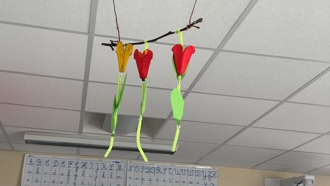 Pour accueillir le printemps, la classe de CP a redoublé d’énergie afin de parer l’école de jolies productions colorées, mais surtout fleuries.
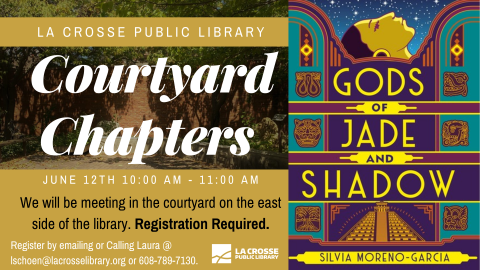 Join us Saturday, June 12th 10:00 a.m. in the library's charming outdoor "secret" courtyard for a discussion of Gods of Jade and Shadow by Silvia Moreno-Garcia.
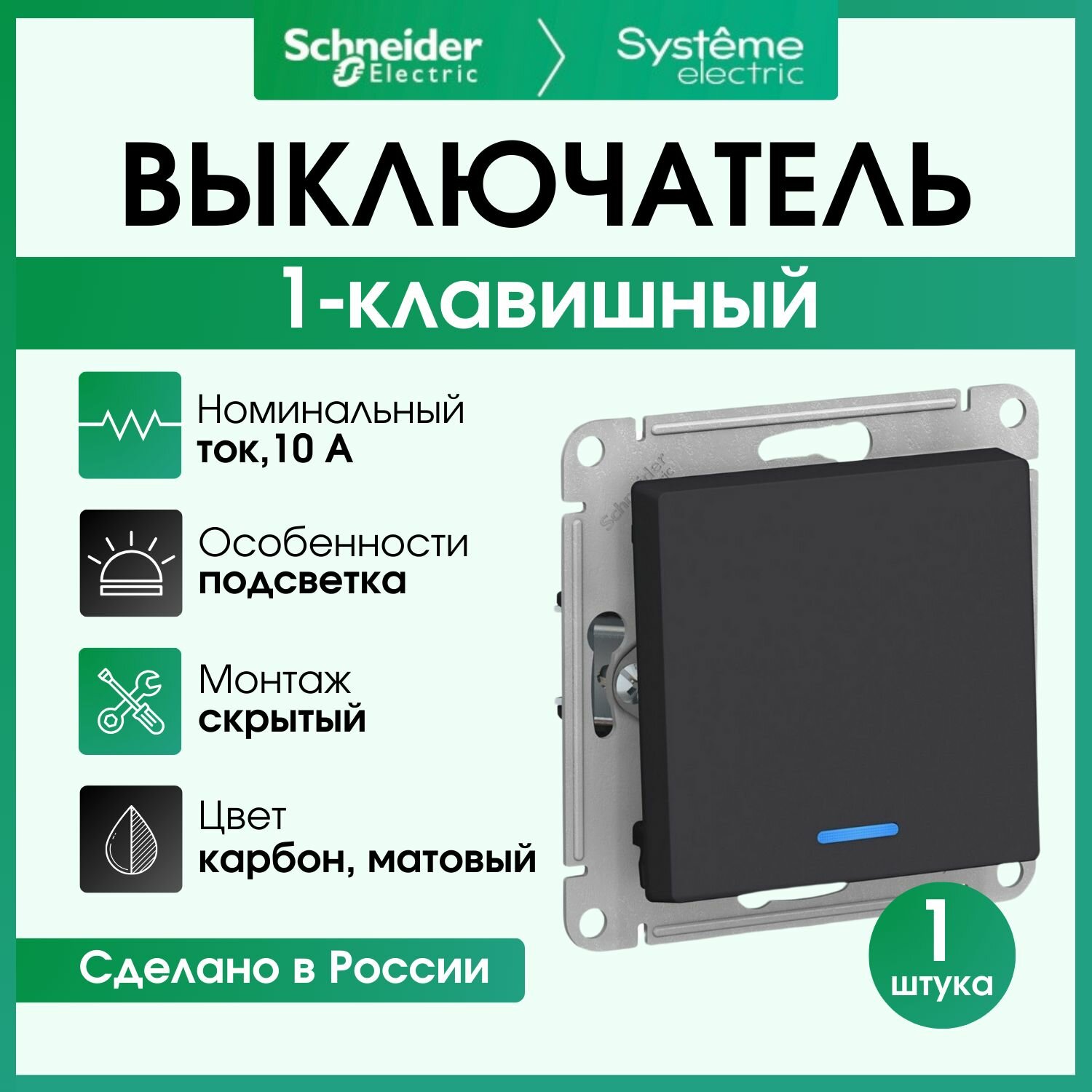 Отзывы на Выключатель одноклавишный Schneider Electric Atlas Design с подсветкой, карбон ATN001013
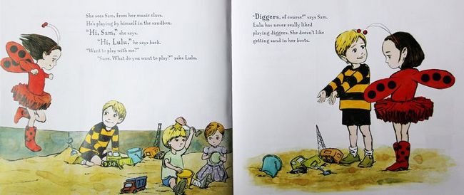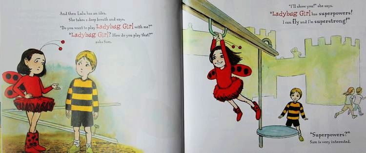 At the playground, Lulu asks her friend Sam if he wants to play with her. Sam likes Diggers, while Lulu thinks Monkeys is the best game. Sam suggests playing under the castle, but Lulu knows that the top is the most fun. They just can’t agree! And then Lulu asks, “Have you ever played Ladybug Girl?”
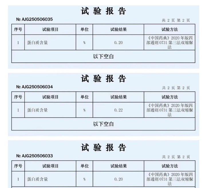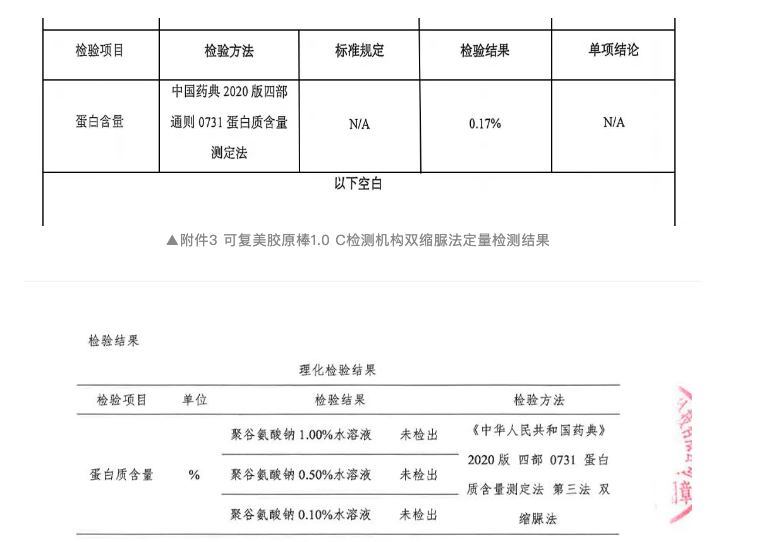 此后,公司又将上述送检的三个批次中的其中一个批次产品送至C检测机构用双缩脲法进行交叉检验,结果显示,本批次产品的重组胶原蛋白含量同样大于0.1%,为0.17%。

################

**What to produce:** Output nothing but the lines from the one containing "Отзывы на Выключатель" to the end of the listing, both ends included, reproduced exactly. Pictures stay out.

**Completed task:**
 Отзывы на Выключатель одноклавишный Schneider Electric Atlas Design с подсветкой, карбон ATN001013
 At the playground, Lulu asks her friend Sam if he wants to play with her. Sam likes Diggers, while Lulu thinks Monkeys is the best game. Sam suggests playing under the castle, but Lulu knows that the top is the most fun. They just can’t agree! And then Lulu asks, “Have you ever played Ladybug Girl?”
 此后,公司又将上述送检的三个批次中的其中一个批次产品送至C检测机构用双缩脲法进行交叉检验,结果显示,本批次产品的重组胶原蛋白含量同样大于0.1%,为0.17%。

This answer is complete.